■ **Required action**
Copy the listing verbatim, excluding any images found in it.

■ **Data extract**
Segment Open
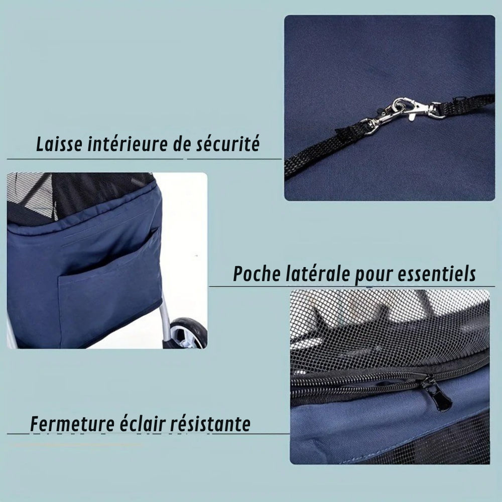 La Poussette Pliable pour Chiens et Chats assure une aération optimale avec ses filets résistants sur tous les côtés.
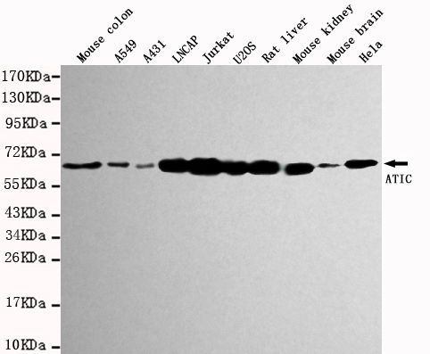 This antibody detects endogenous levels of ATIC and does not cross-react with related proteins.
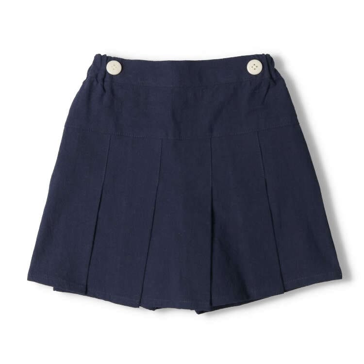 夏でもさらっと着られるワッシャークロス素材のショートパンツ。3分丈です。前はプリーツスカート風デザインですが、後ろはショートパンツになっているのがポイント!どんなアイテムとも合わせやすい無地デザイン。【アイテム】ナチュラル シンプル ベーシック フェミニン ガーリー 無地 カジュアル お洒落 オシャレ かわいい 大人可愛い 普段着 デイリーウェア お出かけ着 お外着 外遊び着 ショート丈 短パン ショーパン ボトムス 子ども こども 女児 女の子 ガールズ キッズ ベビーサイズ トドラーサイズ 幼稚園 保育園 小学校 通園 通学 小学生 2024年春物新作 丸高衣料 オフホワイト 白色 コン ネイビー 紺色 ムージョンジョン コットン100% 綿100%
Segment Closed
■ **Exercise response**
 La Poussette Pliable pour Chiens et Chats assure une aération optimale avec ses filets résistants sur tous les côtés.
 This antibody detects endogenous levels of ATIC and does not cross-react with related proteins.
 夏でもさらっと着られるワッシャークロス素材のショートパンツ。3分丈です。前はプリーツスカート風デザインですが、後ろはショートパンツになっているのがポイント!どんなアイテムとも合わせやすい無地デザイン。【アイテム】ナチュラル シンプル ベーシック フェミニン ガーリー 無地 カジュアル お洒落 オシャレ かわいい 大人可愛い 普段着 デイリーウェア お出かけ着 お外着 外遊び着 ショート丈 短パン ショーパン ボトムス 子ども こども 女児 女の子 ガールズ キッズ ベビーサイズ トドラーサイズ 幼稚園 保育園 小学校 通園 通学 小学生 2024年春物新作 丸高衣料 オフホワイト 白色 コン ネイビー 紺色 ムージョンジョン コットン100% 綿100%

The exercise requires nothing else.